Artin writes the line through P and Q as P + Q. To define a dilation he writes, "Let two distinct points P and Q and their images P′ and Q′ be given." To suggest the role of incidence in geometry, a dilation is specified by this property: "If l′ is the line parallel to P + Q which passes through P′, then Q′ lies on l′." Of course, if P′ ≠ Q′, then this condition implies P + Q is parallel to P′ + Q′, so that the dilation is an affine transformation.

The dilations with no fixed points are translations, and the group of translations T is shown to be an invariant subgroup of the group of dilations.
For a dilation σ and a point P, the trace is P + σP. The mappings T → T that are trace-preserving homomorphisms are the elements of k. First k is shown to be an associative ring with 1, then a skew field.

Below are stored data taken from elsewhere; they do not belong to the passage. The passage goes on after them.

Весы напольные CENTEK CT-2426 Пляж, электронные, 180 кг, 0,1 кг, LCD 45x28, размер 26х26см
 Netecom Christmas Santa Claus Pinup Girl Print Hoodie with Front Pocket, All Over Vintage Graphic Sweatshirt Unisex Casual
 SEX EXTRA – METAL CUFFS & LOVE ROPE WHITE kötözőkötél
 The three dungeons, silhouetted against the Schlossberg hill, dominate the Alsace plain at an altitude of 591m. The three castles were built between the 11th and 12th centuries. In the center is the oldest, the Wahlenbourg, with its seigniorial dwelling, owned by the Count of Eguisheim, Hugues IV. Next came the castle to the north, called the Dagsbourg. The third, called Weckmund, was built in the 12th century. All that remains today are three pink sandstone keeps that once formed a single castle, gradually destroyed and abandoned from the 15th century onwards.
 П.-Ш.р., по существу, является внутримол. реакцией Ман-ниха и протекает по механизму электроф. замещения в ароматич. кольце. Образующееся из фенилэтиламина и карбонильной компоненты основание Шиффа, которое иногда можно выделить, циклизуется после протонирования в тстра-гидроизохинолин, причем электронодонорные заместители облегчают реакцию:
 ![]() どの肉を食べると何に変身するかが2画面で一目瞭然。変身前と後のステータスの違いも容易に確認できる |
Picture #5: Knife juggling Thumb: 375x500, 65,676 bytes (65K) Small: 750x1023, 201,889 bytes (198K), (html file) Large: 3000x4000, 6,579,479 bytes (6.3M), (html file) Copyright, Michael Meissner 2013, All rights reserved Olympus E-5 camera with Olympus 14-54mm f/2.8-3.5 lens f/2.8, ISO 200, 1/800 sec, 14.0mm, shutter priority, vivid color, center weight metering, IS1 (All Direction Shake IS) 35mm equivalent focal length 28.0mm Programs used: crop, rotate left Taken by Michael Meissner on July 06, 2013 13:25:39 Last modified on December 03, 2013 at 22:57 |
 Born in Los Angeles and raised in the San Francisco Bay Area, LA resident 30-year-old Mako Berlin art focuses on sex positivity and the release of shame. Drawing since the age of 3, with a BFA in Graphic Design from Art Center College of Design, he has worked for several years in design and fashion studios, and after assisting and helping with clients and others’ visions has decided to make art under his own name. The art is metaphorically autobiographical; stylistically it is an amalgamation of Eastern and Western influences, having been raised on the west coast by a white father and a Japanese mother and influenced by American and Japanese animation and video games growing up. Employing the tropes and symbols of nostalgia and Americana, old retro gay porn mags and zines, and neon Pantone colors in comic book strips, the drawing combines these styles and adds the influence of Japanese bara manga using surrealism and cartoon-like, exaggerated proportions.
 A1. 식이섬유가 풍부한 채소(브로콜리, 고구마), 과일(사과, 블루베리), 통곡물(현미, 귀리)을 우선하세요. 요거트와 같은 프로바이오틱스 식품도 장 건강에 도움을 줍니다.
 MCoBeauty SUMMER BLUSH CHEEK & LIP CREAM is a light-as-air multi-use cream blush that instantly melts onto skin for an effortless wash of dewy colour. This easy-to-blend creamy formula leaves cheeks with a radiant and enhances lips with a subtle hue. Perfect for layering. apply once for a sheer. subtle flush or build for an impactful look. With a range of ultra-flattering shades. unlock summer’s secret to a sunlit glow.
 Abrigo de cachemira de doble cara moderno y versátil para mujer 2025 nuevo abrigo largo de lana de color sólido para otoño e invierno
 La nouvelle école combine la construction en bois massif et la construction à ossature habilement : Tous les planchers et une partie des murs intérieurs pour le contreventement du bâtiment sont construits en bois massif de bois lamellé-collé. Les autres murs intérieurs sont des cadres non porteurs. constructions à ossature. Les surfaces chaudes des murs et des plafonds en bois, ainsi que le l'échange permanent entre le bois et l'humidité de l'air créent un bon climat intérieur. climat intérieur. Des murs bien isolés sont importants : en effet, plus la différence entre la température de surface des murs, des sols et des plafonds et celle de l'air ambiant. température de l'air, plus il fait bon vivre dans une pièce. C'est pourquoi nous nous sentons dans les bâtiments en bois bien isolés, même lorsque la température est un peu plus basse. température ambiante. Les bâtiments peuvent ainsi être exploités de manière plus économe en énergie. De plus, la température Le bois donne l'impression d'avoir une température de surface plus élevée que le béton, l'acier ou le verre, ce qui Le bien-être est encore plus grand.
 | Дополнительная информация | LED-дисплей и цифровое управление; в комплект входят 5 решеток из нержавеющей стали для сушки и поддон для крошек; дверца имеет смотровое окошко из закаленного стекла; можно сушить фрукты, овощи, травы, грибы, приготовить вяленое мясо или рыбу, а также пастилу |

Conversely, there is an affine geometry based on any given skew field k. Axioms 4a and 4b are equivalent to Desargues' theorem. When Pappus's hexagon theorem holds in the affine geometry, k is commutative and hence a field.

Chapter three is titled "Symplectic and Orthogonal Geometry". It begins with metric structures on vector spaces before defining symplectic and orthogonal geometry and describing their common and special features. There are sections on geometry over finite fields and over ordered fields.

Chapter four is on general linear groups. First there is Jean Dieudonne's theory of determinants over "non-commutative fields" (division rings). Artin describes GL(n, k) group structure. More details are given about vector spaces over finite fields.

Chapter five is "The Structure of Symplectic and Orthogonal Groups". It includes sections on elliptic spaces, Clifford algebra, and spinorial norm.

==Reviews==
Alice T. Schafer wrote "Mathematicians will find on many pages ample evidence of the author’s ability to penetrate a subject and to present material in a particularly elegant manner." She notes the overlap between Artin's text and Baer's Linear Algebra and Projective Geometry or Dieudonné's La Géometrie des Groupes Classique.